Dès lors, le rapport de M. Z ne peut servir de base pour prétendre que l’ouvrage réalisé par l’appelante est affecté de malfaçons rendant impossible la construction de la maison en bois.
La demande de résolution du contrat et les demandes d’indemnisation présentées par M. X ne peuvent qu’être rejetées et le jugement infirmé sur ces points.
La demande de garantie de la SA Aviva Assurances est, par suite, sans objet.
Enfin, les rapports techniques présentés par l’appelante ayant été réalisés à sa seule initiative, leur coût en sera laissé à sa charge.

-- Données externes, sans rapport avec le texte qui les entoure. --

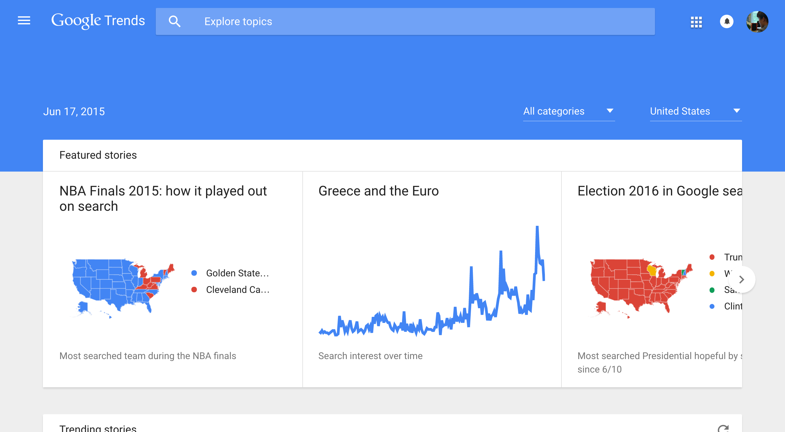 Google has today pushed an update to its Trends product, which it says is the biggest expansion to the search analysis product since 2012. The goal with this update, the company says, is to provide a “faster, deeper and more comprehensive view of our world” through real-time data on everything from the FIFA scandal to Donald Trump’s presidential campaign kick-off.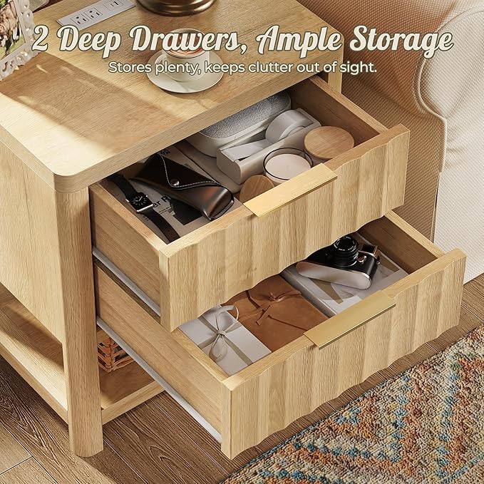 Huuger 27.6 Inch Tall Night Stand with Charger Station, USB-C Port, Fluted Nightstand with 2 Deep Drawers, Larger Wider Bed Side Table with Open Shelf, Bedroom Living Room End Table, Natural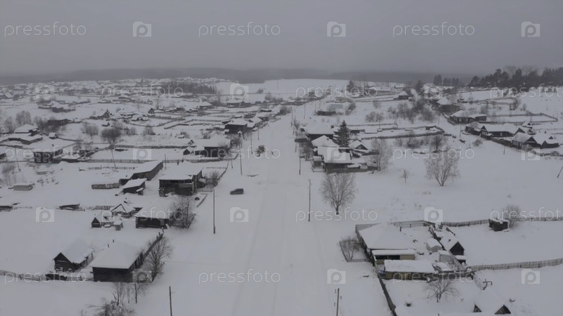 Вид на снежную птицу. Клип. Белая деревня в снегу с небольшими деревянными домами и рядом с ней большой лес с высокими деревьями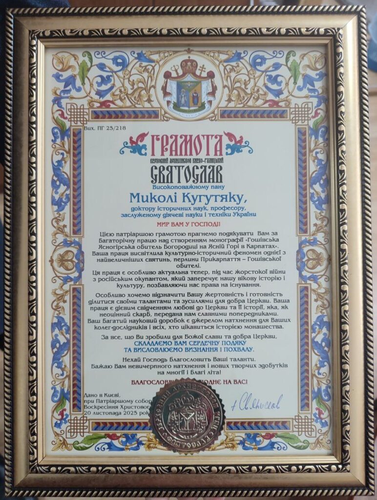 Грамота Верховного Архиєпископа Києво-Галицького, Блаженнішого Святослава Шевчука

3) Sur le solde du prix des travaux :
La SAS Schiro Constructions a réalisé l’ouvrage qui lui a été commandé.
Le maître de l’ouvrage doit par conséquent s’acquitter du solde du prix.
Le jugement sera également infirmé sur ce point.

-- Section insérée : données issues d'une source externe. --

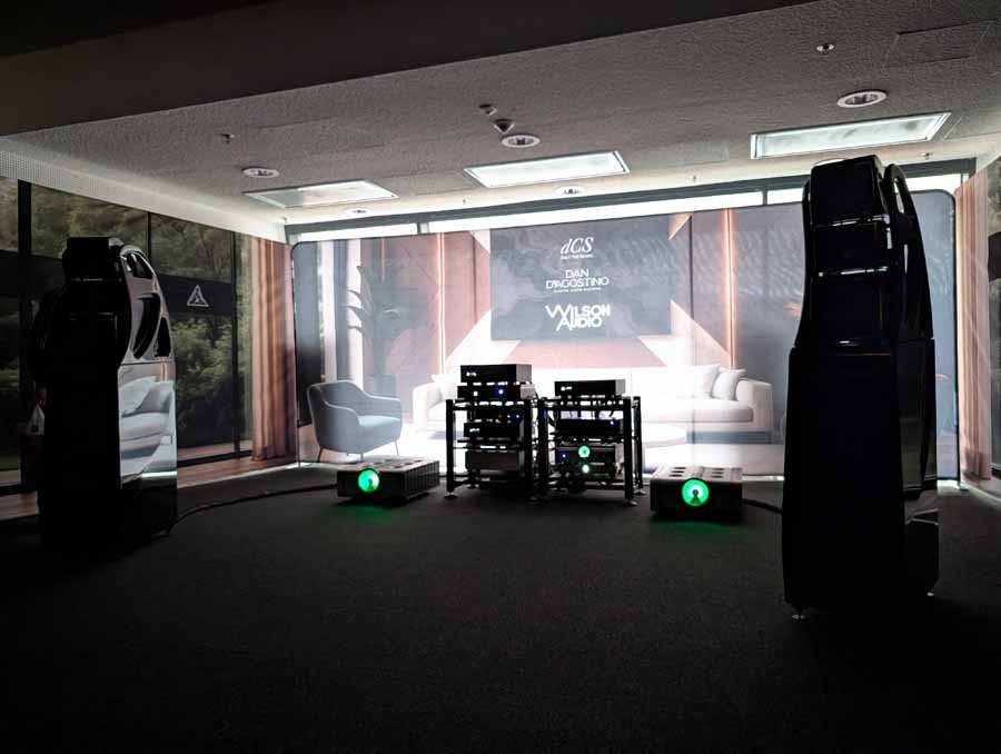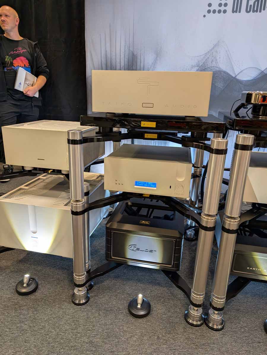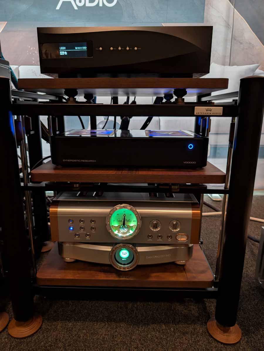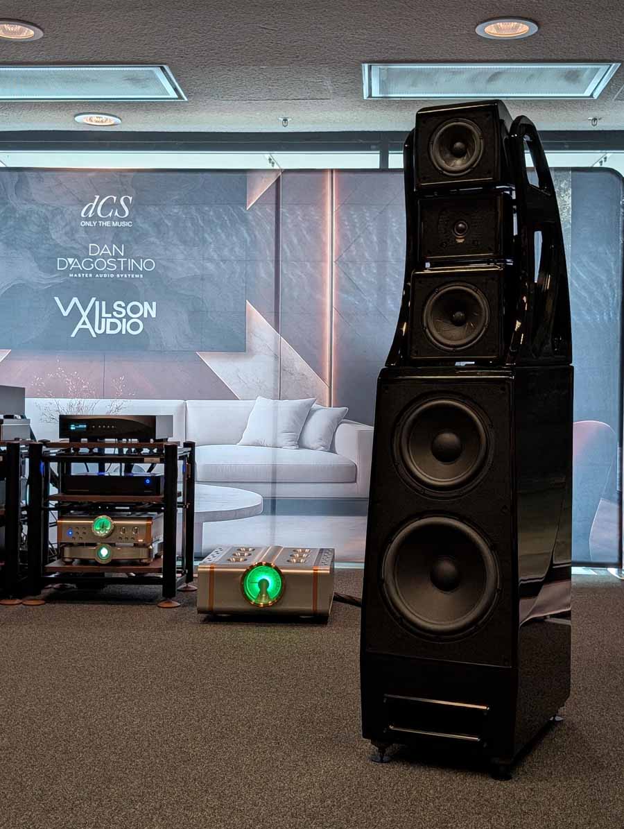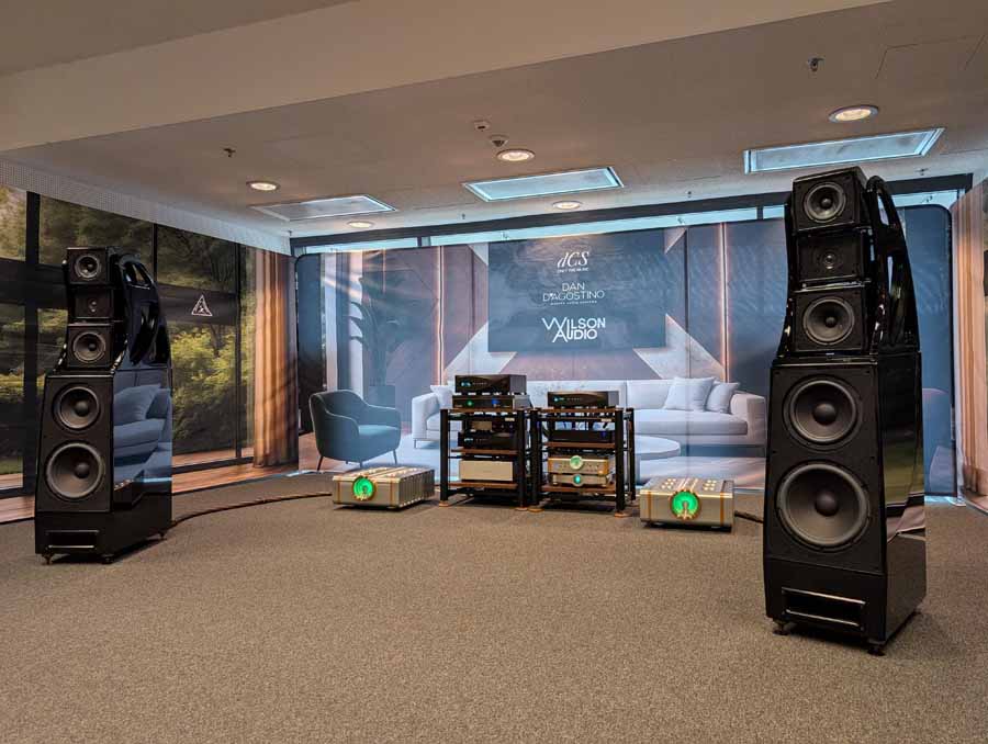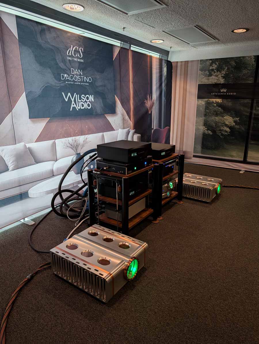 TV Studio 2, another hectic room that we had to fight to get into, featured an ultra high end setup centred on Wilson Audio Alexx VFx loudspeakers and Dan D’Agostino Relentless 800 monoblocks, paired with the new Momentum C2 preamplifier. The digital source was a full dCS Vivaldi Apex system with upsampler, master clock, and a Synergistic Research Voodoo server. Additional components included Shunyata Research Altaira X grounding, Artesania Audio racks, and cables from Stealth Audio, Shunyata Research, and Synergistic Research.

4) Sur la demande de réception judiciaire :
Vu l’article 1792-6 du code civil,
La SAS Shiro Constructions et la SA Aviva Assurances ne discutent pas la validité de la réception avec réserves prononcée le 6 décembre 2013 par M. Z pour le compte de M. X et Mme Y.

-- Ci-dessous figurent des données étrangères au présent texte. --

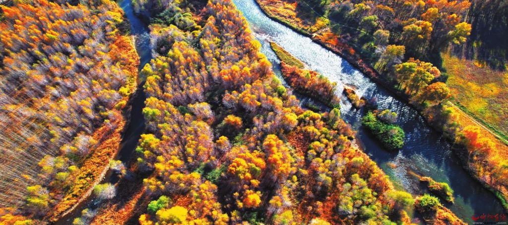 汾河兩岸景色美。圖為記者近日航拍的靜樂(lè)汾河川國(guó)家濕地公園秋景。(
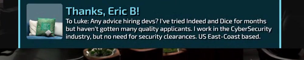 To Luke: Any advice hiring devs? I've tried Indeed and Dice for months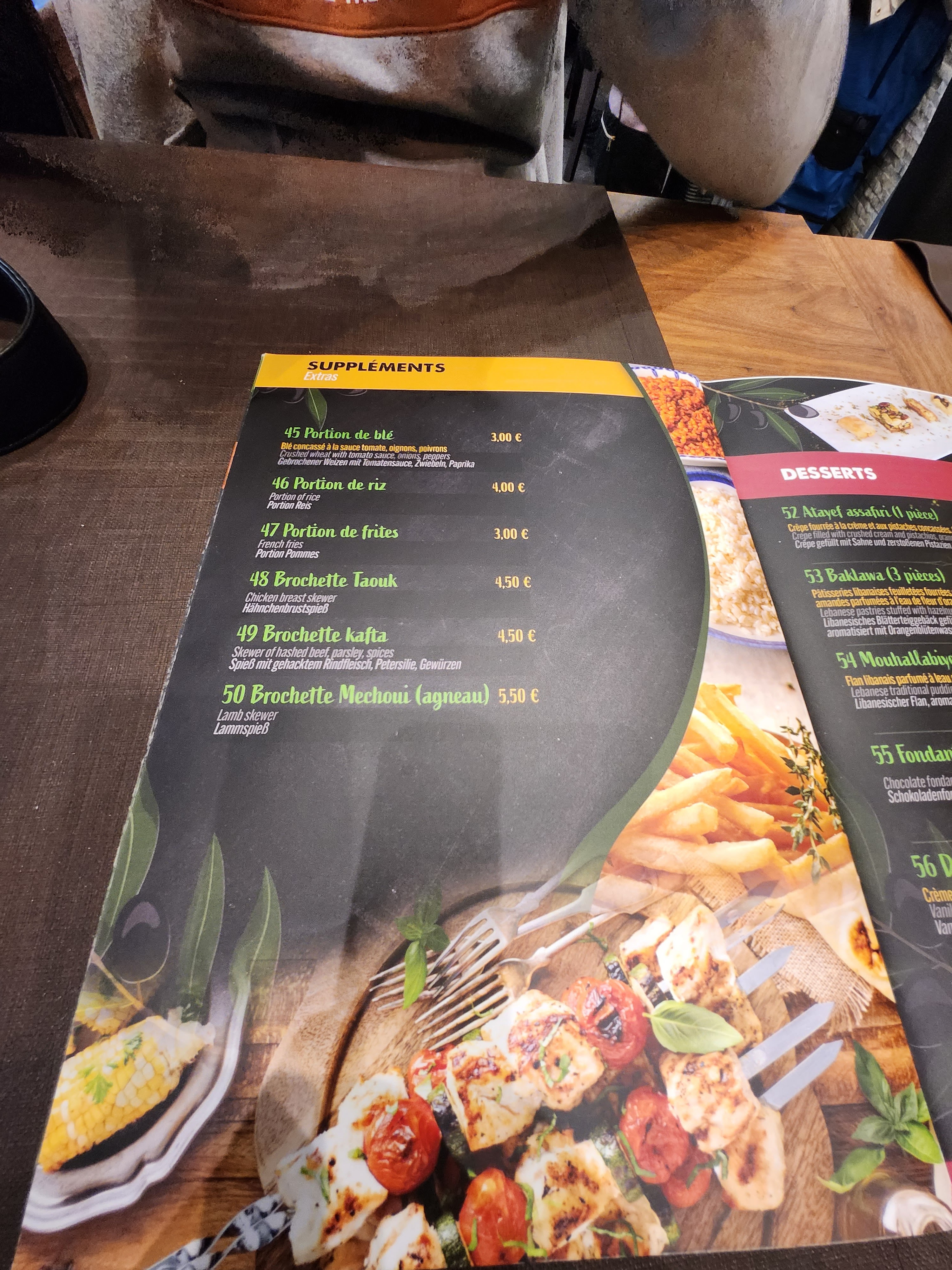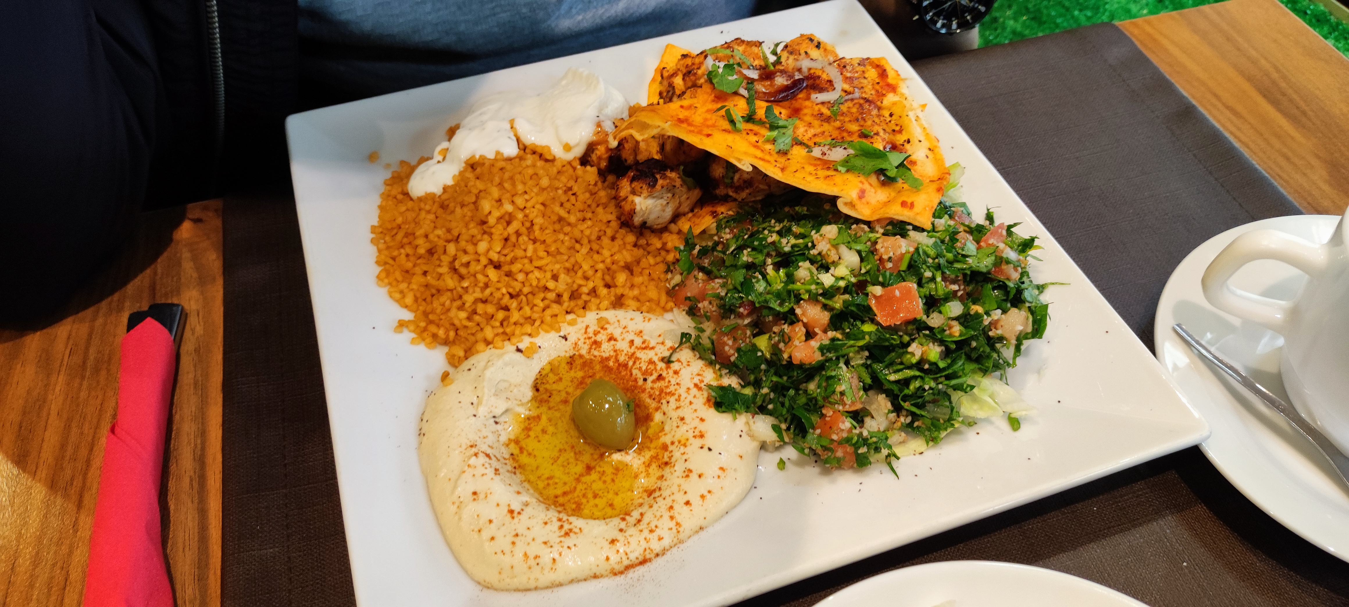 Très bien, comme d'habitude 👌🏻 Kafta bien savoureux servi avec boulgour, taboulé libanais, houmous etc... Service Très cordial. Rapport qualité prix excellent.

A cette date, l’ouvrage était en état d’être reçu.
Il y a donc lieu de constater cette réception et de lever les réserves, l’ouvrage étant conforme à la commande et n’étant pas affecté de désordre.
Enfin, l’équité n’impose pas l’application de l’article 700 du code de procédure civile.
PAR CES MOTIFS :
- la Cour, après en avoir délibéré conformément à la loi, statuant par arrêt contradictoire prononcé par mise à disposition au greffe et en dernier ressort,
- DECLARE les conclusions déposées par la SA Aviva Assurances le 5 mai 2021 irrecevables ;
- INFIRME le jugement en toutes ses dispositions ;
- STATUANT A NOUVEAU,
- REJETTE la demande de résolution du contrat conclu avec la SAS Schiro Constructions et les demandes de dommages et intérêts présentée par C X ;
- CONDAMNE C X à payer à la SAS Schiro Constructions la somme de 2 870,40 Euros au titre du solde du prix des travaux ;
- REJETTE la demande de remboursement du coût des expertises amiables réalisées par le cabinet Optisol et le cabinet Ixi présentée par la SAS Schiro Constructions ;
- DIT n’y avoir lieu à statuer sur la garantie de la SA Aviva Assurances ;
- CONSTATE la réception de l’ouvrage réalisé par la SAS Schiro Constructions à la date du 6 décembre 2013 et prononce la levée des réserves ;
- DIT n’y avoir lieu à l’application de l’article 700 du code de procédure civile ;
- CONDAMNE C X aux dépens de 1re instance et d’appel.
Le présent arrêt a été signé par Claude GATÉ, présidente de chambre, et par Nathalie CAILHETON, greffière, à laquelle la minute de la décision a été remise par le magistrat signataire.